_Work to complete_. Without the pictures, set down exactly the lines from the one that contains "所涉及業(yè)務分為點檢管" to the end of the entries, both included, and nothing besides.
'''
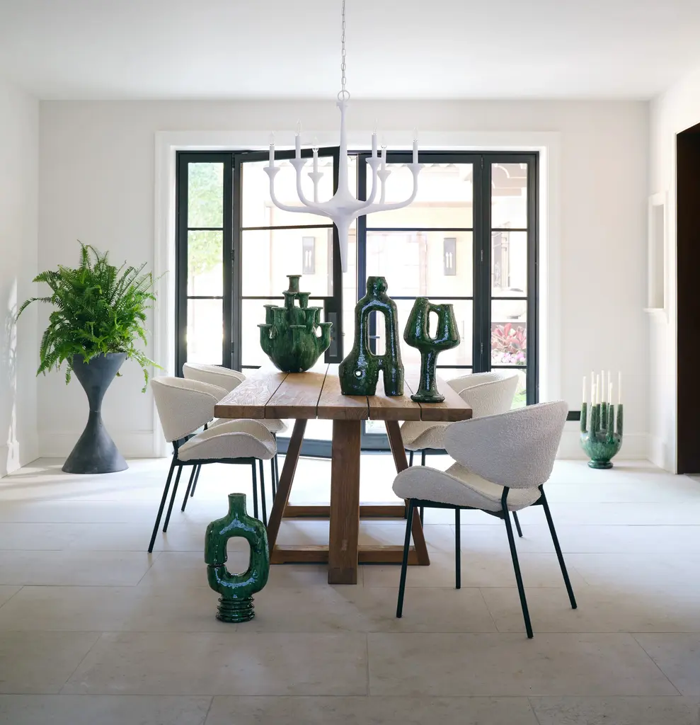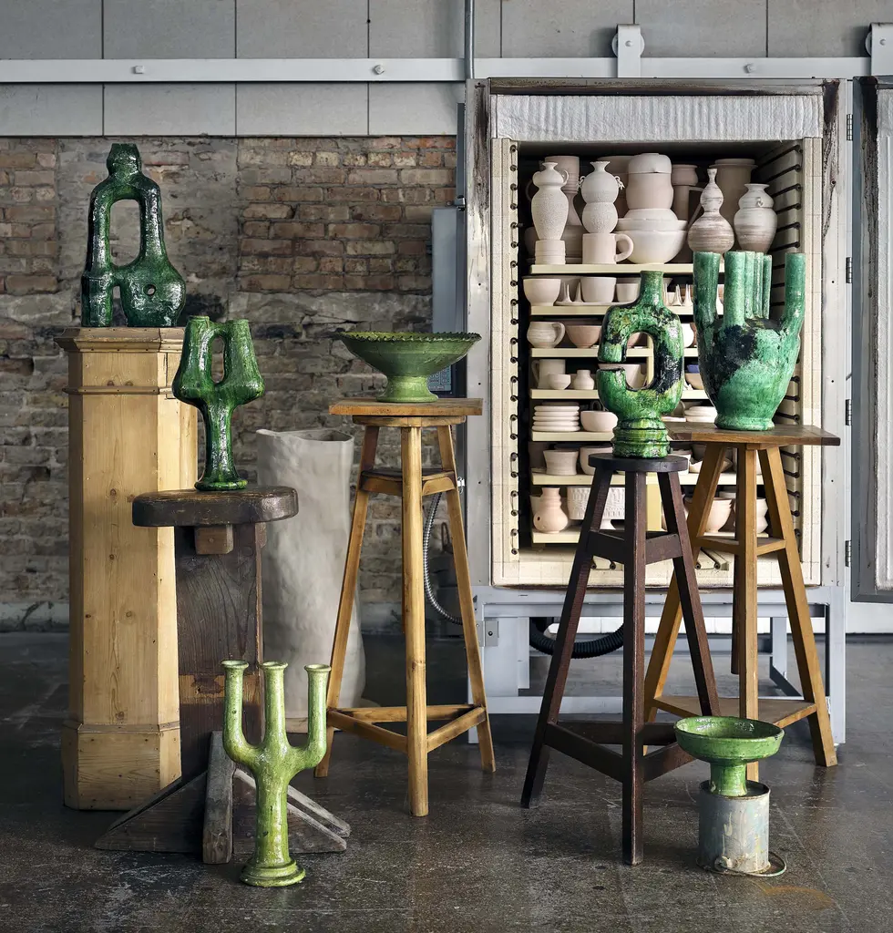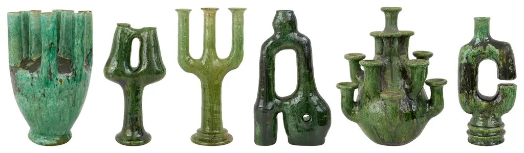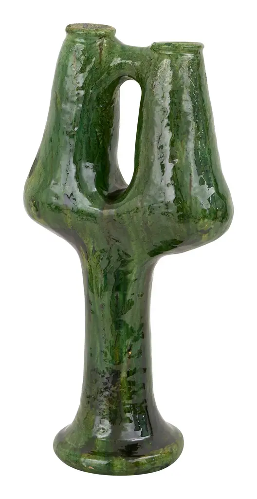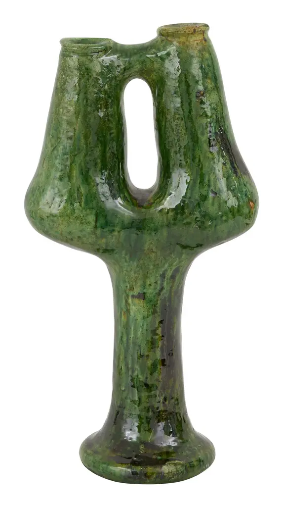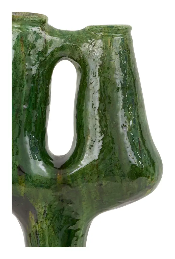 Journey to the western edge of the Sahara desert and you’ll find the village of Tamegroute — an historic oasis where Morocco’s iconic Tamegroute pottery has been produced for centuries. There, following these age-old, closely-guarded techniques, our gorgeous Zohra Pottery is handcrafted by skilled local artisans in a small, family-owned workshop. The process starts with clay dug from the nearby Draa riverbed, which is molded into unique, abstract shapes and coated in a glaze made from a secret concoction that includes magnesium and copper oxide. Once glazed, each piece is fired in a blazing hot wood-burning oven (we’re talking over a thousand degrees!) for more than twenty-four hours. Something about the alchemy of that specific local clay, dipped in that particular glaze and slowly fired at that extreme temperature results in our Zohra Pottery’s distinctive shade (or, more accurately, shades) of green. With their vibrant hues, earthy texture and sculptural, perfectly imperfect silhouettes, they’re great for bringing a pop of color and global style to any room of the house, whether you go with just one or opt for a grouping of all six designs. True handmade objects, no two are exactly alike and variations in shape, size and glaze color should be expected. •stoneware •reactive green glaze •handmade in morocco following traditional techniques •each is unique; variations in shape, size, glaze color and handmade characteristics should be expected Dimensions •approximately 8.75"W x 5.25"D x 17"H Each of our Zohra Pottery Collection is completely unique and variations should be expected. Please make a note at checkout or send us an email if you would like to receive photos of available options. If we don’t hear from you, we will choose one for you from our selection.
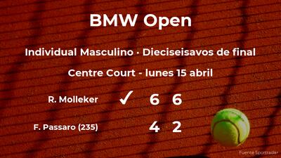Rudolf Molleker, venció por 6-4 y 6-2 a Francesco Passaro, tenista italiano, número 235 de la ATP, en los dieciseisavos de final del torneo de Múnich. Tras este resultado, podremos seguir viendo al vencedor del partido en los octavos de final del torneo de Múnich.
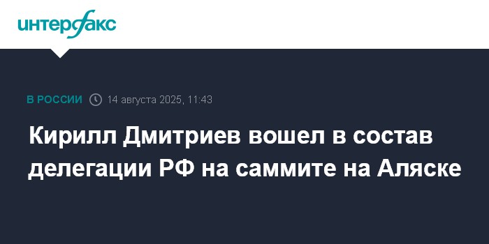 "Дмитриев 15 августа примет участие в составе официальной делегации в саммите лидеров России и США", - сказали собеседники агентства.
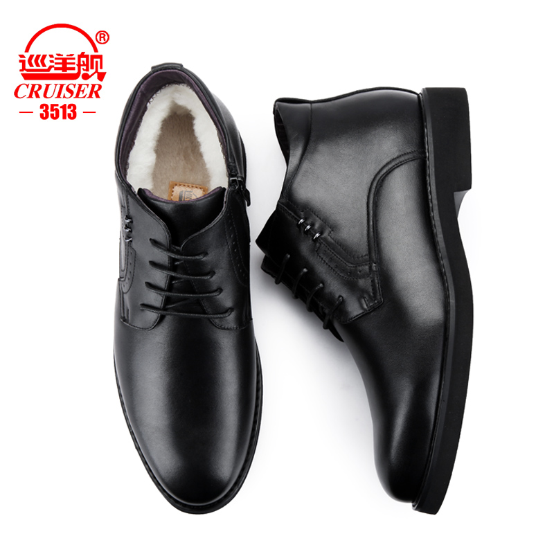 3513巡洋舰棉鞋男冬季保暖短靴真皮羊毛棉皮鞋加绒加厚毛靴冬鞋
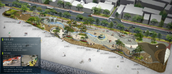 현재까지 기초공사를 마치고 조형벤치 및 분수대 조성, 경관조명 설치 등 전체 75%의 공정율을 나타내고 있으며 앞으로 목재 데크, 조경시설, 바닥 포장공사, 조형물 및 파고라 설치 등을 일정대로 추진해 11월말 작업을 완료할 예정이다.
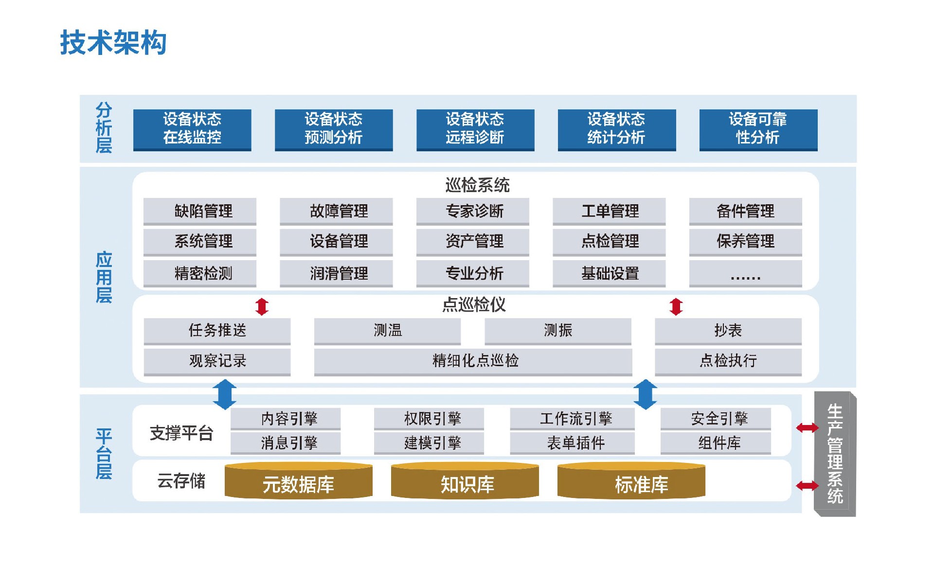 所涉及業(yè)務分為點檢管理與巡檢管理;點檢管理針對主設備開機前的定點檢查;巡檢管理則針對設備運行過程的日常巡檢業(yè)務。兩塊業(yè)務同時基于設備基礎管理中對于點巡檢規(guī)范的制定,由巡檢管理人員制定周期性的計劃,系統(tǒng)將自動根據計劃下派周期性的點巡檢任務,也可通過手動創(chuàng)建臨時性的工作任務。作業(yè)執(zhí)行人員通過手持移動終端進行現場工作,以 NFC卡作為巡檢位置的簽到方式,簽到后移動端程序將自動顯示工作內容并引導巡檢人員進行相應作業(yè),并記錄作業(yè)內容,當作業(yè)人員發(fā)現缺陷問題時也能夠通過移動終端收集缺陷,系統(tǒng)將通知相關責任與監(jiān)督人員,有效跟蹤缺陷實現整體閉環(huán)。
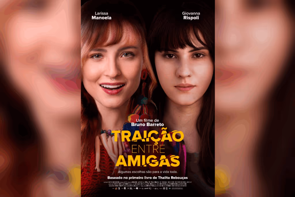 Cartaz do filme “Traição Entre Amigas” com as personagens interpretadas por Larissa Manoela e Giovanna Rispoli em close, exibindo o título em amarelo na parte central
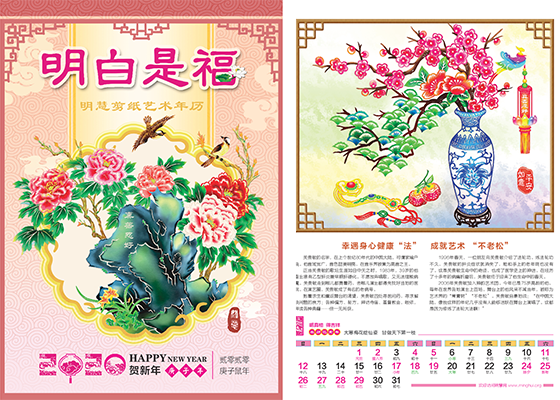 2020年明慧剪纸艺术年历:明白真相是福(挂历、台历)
'''
_Solution to this exercise_.
 所涉及業(yè)務分為點檢管理與巡檢管理;點檢管理針對主設備開機前的定點檢查;巡檢管理則針對設備運行過程的日常巡檢業(yè)務。兩塊業(yè)務同時基于設備基礎管理中對于點巡檢規(guī)范的制定,由巡檢管理人員制定周期性的計劃,系統(tǒng)將自動根據計劃下派周期性的點巡檢任務,也可通過手動創(chuàng)建臨時性的工作任務。作業(yè)執(zhí)行人員通過手持移動終端進行現場工作,以 NFC卡作為巡檢位置的簽到方式,簽到后移動端程序將自動顯示工作內容并引導巡檢人員進行相應作業(yè),并記錄作業(yè)內容,當作業(yè)人員發(fā)現缺陷問題時也能夠通過移動終端收集缺陷,系統(tǒng)將通知相關責任與監(jiān)督人員,有效跟蹤缺陷實現整體閉環(huán)。
 Cartaz do filme “Traição Entre Amigas” com as personagens interpretadas por Larissa Manoela e Giovanna Rispoli em close, exibindo o título em amarelo na parte central
 2020年明慧剪纸艺术年历:明白真相是福(挂历、台历)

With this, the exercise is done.